The gold mine at the end of the trail was first claimed in 1917 by Westley Rush, an Aguila melon farmer. Rush’s two daughters—Nella and Alameda, for whom the Nella-Meda gold mine was named—managed to hand dig through the first 115 feet of solid rock before Ned Creighton—a Phoenix banker—bought the claim in 1924. Ned hired a crew to work the mine, and over decades he expanded the claim to its present size. His crew worked until World War II when the Feds shut down all private mines. The mining engineer, Harold Mason, stayed on as caretaker and eventually got the property deed after Ned passed.
After the war, Charles Robson was building his fortune by farming, running the Saguaro motel in Aguila, and hustling the health benefits of his local bee pollen. Harold and Charley became acquaintances when Mason let Robson place hives at the mine. There were minerals around the mine that made the bee pollen exceptional and the bees deterred poachers. That informal partnership lasted until 1979 when Charlie bought the mine from the aging Mason. Robson had bigger plans for the place.

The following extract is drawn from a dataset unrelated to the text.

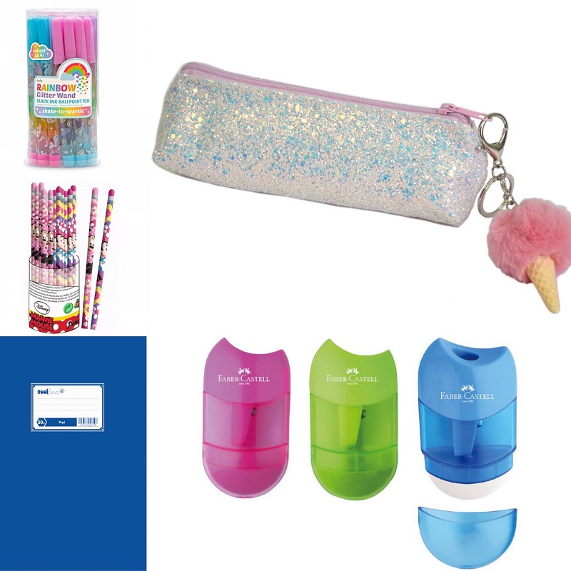 Εκτός από την τσάντα, η λίστα των σχολικών ειδών περιλαμβάνει επίσης κασετίνα, γραφική ύλη, μολύβια μηχανικά ή κλασικά, γόμα και ξύστρα, στιλό και μαρκαδόρους, ξυλομπογιές, τέμπερες και νερομπογιές, πλαστελίνες, ψαλίδι και άλλα υλικά χειροτεχνίας, τετράδια, μπλοκ και ντοσιέ, και γεωμετρικά όργανα, που διαφέρουν ανάλογα με την τάξη του παιδιού (χάρακας, διαβήτης, τρίγωνο, μοιρογνωμόνιο).

Meanwhile, in 1922, Wilber T. Johnson migrated from Missouri to Apache Junction—a community east of Phoenix at the foot of the Superstition Mountains—so he could work in the mines. In 1930, Wilber traded his pick and shovel for an engineering degree from the University of Arizona which made him a highly valued employee. Now we’d call Wilber a hoarder because he collected mine junk—lots of mine junk—for the next fifty years. Johnson got his stash from abandoned mines in the Superstition Mountains, the Mazatzal Mountains, and other mines east of Phoenix and because of its size, his collection wasn’t a big secret. He reputedly turned down a multi-million-dollar offer from Disneyland Tokyo because he knew that they cherry pick the best and discard the rest.
After Charles Robson acquired the mine, he offered to buy Wilber’s collection and the two men finally struck a deal when Charlie promised that the collection would stay intact on Robson’s property. The ink on the signatures hadn’t dried yet before more than 250 truckloads moved decades of mining history to its new home. For ten years Charles, his wife, Jeri, and their sons reassembled the buildings and filled them with the collection’s artifacts. After Charlie died in 2002, Jeri carried on the dream, and toward the end of her life sold the place lock, stock, and barrel to Western Destinations Corporation—the present owners—on the stipulation that nothing ever leaves the property.
There’s a small garden in front of the Opera House where we sat in a mesquite tree’s shade as Brett Bishop told me this story. He’s the current caretaker and he and his family live on site. He’s a young man, and when he’s not greeting visitors he keeps busy unpacking the remaining crates and creatively arranging the contents for display. It’s easy to tell—from the tone of his voice and the sparkle in his eyes—that he loves his job. He calls Robson’s a living museum and he often must unravel the mystery of the items he finds in the boxes.
If you’re a photographer interested in nostalgia, I highly recommend a visit. The cost is $20.00 per person which goes toward upkeep. Don’t count on food or entertainment and even the restrooms are period authentic—that’s right; crescent moons. The mile-long dirt road is navigable by a sedan, except after heavy rains. I know that Robson’s will become one of my resources.